Pakistan, the world’s fourth largest producer of cotton, is set to lose millions in export earning in the wake of the devastating floods that has submerged vast tracts of land in the cotton growing region of the country, says a report in The Financial Times.
The paper said the losses have already rippled across global commodity markets.
Pakistan’s shortfall looms at a time when the cotton market is already tight because of surging demand in China and low supplies elsewhere. Cotton on the ICE Futures exchange, a benchmark, has neared 90 cents a pound, the highest since March 2008, and close to a level last seen in 1995. Prices have gained 12 per cent in the past month.
Clothing companies, such as Levi Strauss or UK-based Next, have warned of rising retail prices.
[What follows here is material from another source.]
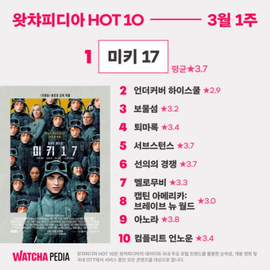 3월의 첫 1위는 봉준호 감독의 SF 영화 '미키 17'이 차지했다. '미키 17'은 위험한 일에 투입되는 소모품(익스펜더블)으로, 죽으면 다시 프린트되는 '미키'가 17번째 죽음의 위기를 겪던 중, 그가 죽은 줄 알고 '미키 18'이 프린트되면서 벌어지는 예측불허의 이야기를 그린다.

Jagdish Parihar, managing director of global cotton at Olam, the trading house, says the floods have “created a scare of cotton shortage”, adding that even before the disaster the “world supply-demand balance was extremely tight.”
The International Cotton Advisory Committee, an intergovernmental body, this week lowered its forecast for Pakistan’s crop by 15 percent, or 300,000 tonnes, to 1.9m tonnes. The ICAC estimates that 6-8 percent of the cotton growing area has been lost entirely and persistent moisture after the deluge could aggravate losses.
However, experts say precise damage assessments are impossible until the waters subside. “We admit it’s just a flat-out guess,” says Terry Townsend, the committee’s executive director in Washington. In Pakistan, analysts fear the worst.
“In some of the most vital areas for cotton, the floods have damaged as much as 80 per cent of the fields. The worst is not yet over, with more rains still being predicted,” says Muneeruddin Khan, former head of the cotton research institute of Punjab. Mr Khan believes that well over a third of the crop in Punjab and Sindh, another cotton-rich province, is in danger of being lost.
The guesswork extends to cotton markets. Pakistan’s mills, prized for their yarns and high-quality finished textiles such as bed linens, consume more than domestic farmers typically grow, putting the country among the worlds top five importers. Depending on the extent to which the flood hinders mill operations, Pakistan could call on more foreign fibre, straining global supply.
“If the Pakistani textile industry can operate at anywhere near the level they used to theyre going to have to replace lost production. And there’s a pretty short supply of cotton right now,” says David Collins of Cotton Council International, which promotes US exports of the fibre.
The paper said the Pakistan floods come as the ratio of global cotton stocks to consumption is already poised to fall to its lowest level in 15 years, due to low supplies over the past five years, according to the US Department of Agriculture.
“Global stocks of cotton have been strained,” says Luis Rangel, vice-president of commodity derivatives at Icap Futures, the brokers.
“Any confirmed reduction in Pakistan’s cotton output will definitely stress the global supply chain and continue to run prices higher.”
Cotton farmers in the US whose crop the USDA estimates will grow by more than half this season compared to last year stand to benefit the most. China, the worlds largest cotton producer, markets its crop domestically. Neighbouring India has restricted cotton exports, because of pressure from its textile industry.
Meanwhile, the paper added Pakistan’s cotton farmers face economic ruin, because standing water suffocates root systems and kills plants.